A República - Cap. 1: Capítulo 1 Pág. 32 / 290

— A justiça é um vicio? — Não, mas uma muito nobre simplicidade de carácter,

— Então a injustiça é perversidade de carácter?

— Não, é prudência.

— Será, Trasímaco, que os injustos te parecem sábios e bons?

— Sim — respondeu —, os que são capazes de cometer a injustiça com perfeição e de submeter cidades e povos. Pensas, talvez, que me refiro aos ratoneiros hábeis? Tais práticas são, sem dúvida, rendosas, enquanto não são descobertos; mas não merecem menção ao lado das que acabo de indicar.

— Concebo perfeitamente a tua ideia, mas o que me espanta é que ordenes a injustiça com a virtude e a sabedoria e a justiça com os seus contrários.

— Não obstante, é precisamente assim que os ordeno.

— Isto agrava-se, camarada — retorqui —, e não é fácil saber o que se pode dizer.

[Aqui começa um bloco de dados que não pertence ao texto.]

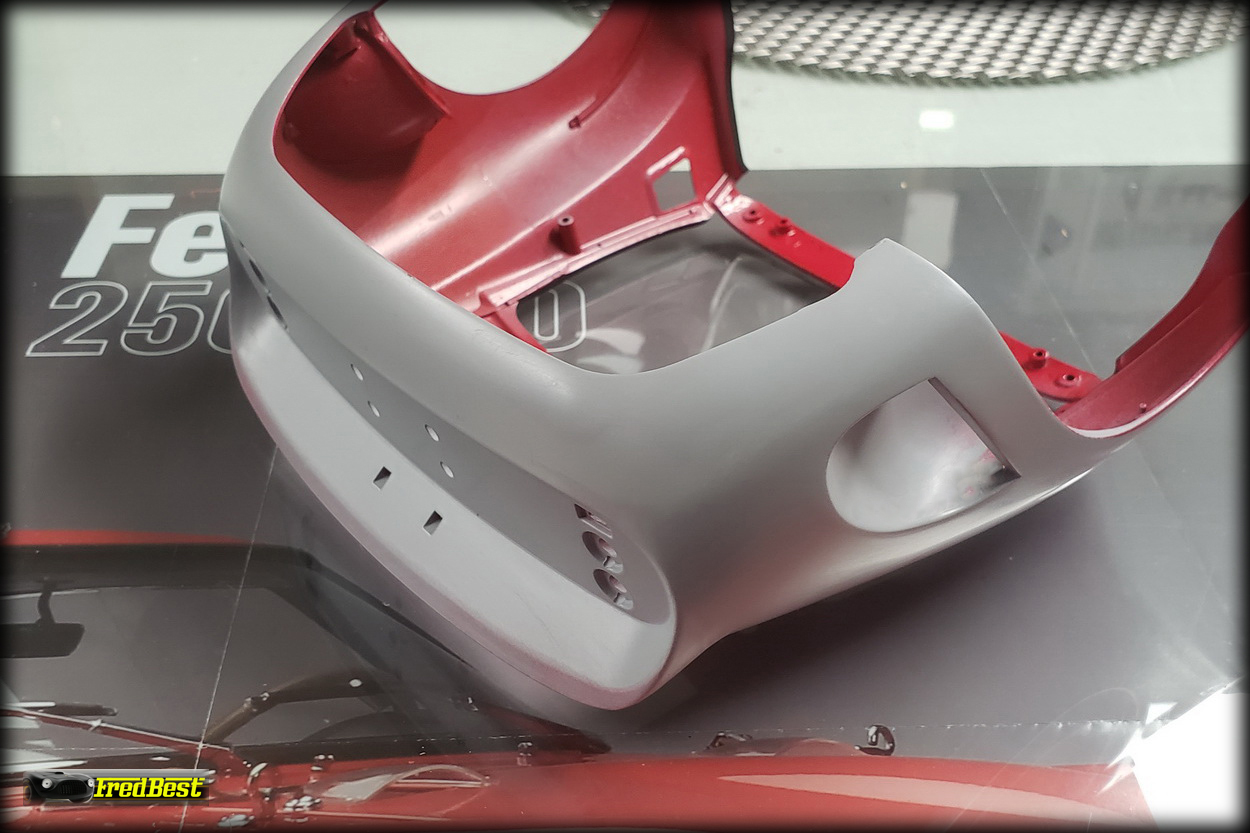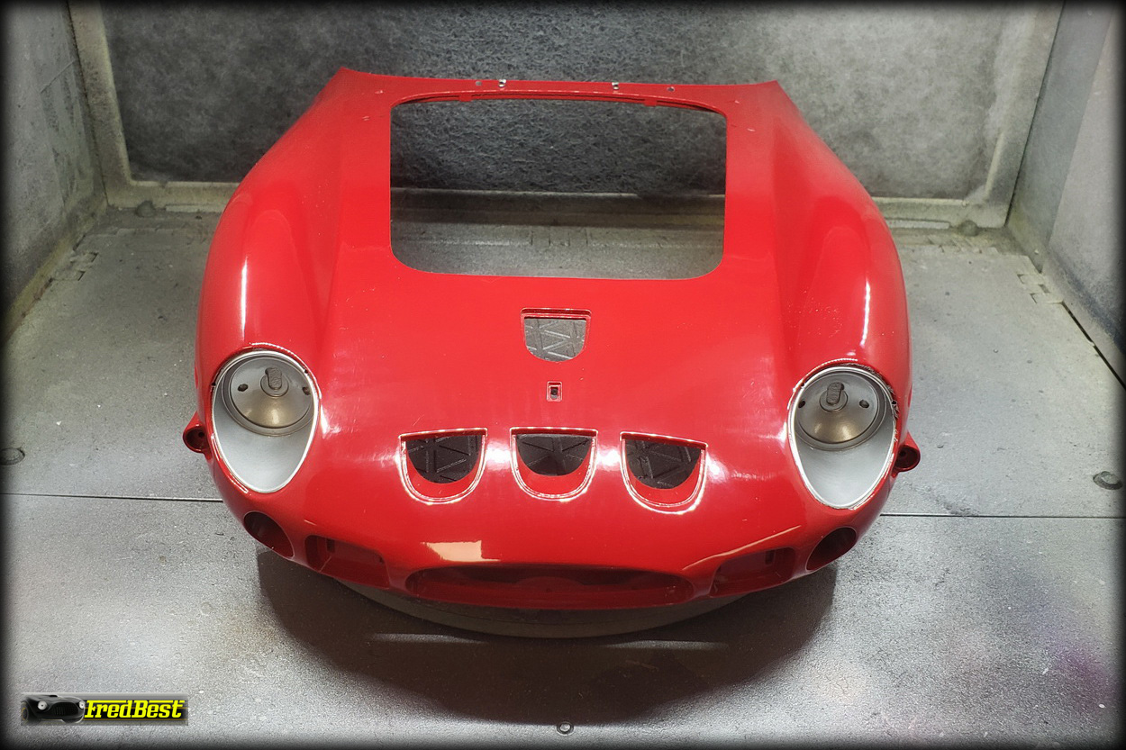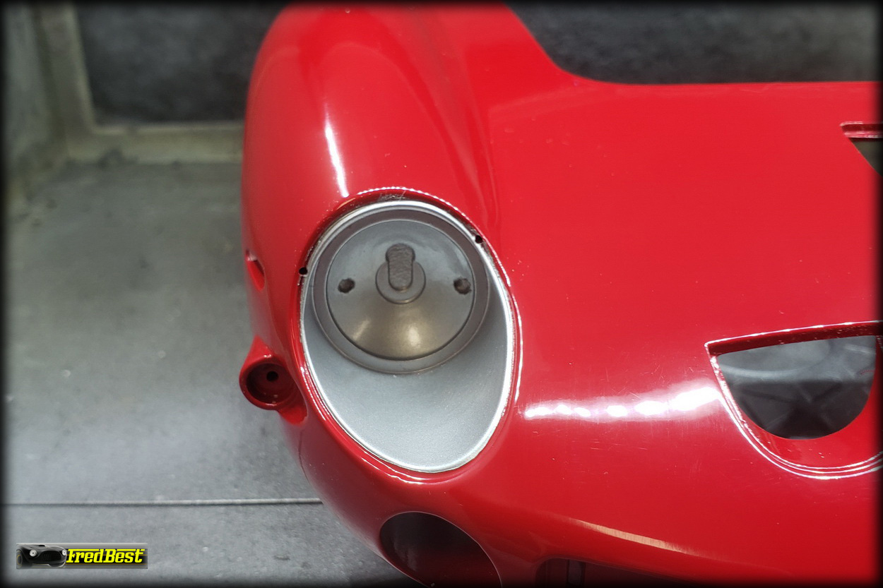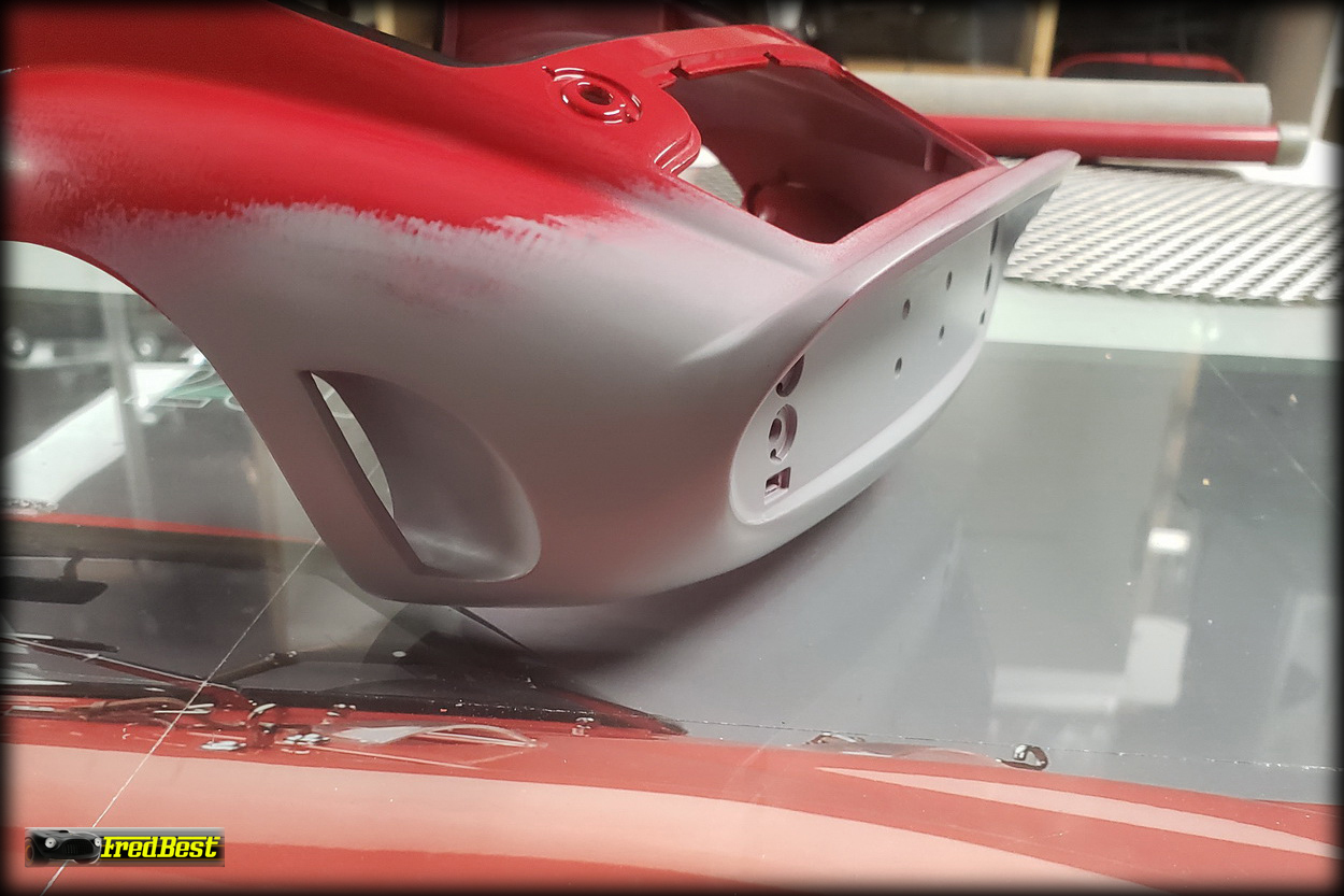 va falloir corriger ! Alors c'est parti: masquage en règle de la partie avant de la carrosserie et passage à la bombe d'aluminium. Enfin cette 250 GTO commence à ressembler à une 250 GTO avec le montage de ses phares.

Se, com efeito, admitisses que a injustiça dá proveito, concordando ao mesmo tempo, como alguns, que é vicio e coisa vergonhosa, poderíamos responder-te invocando as noções correntes sobre o assunto; mas, evidentemente, dirás que é bela e forte e conceder-lhe-ás todos os atributos que nós concedemos à justiça, visto que ousaste ordená-la com a virtude e a sabedoria.

— Adivinhas muito bem — disse ele. — Contudo, não devo recusar-me a prosseguir este exame enquanto puder acreditar que falas a sério. É que me parece, realmente, Trasímaco, que não é zombaria da tua parte e que exprimes a tua verdadeira opinião.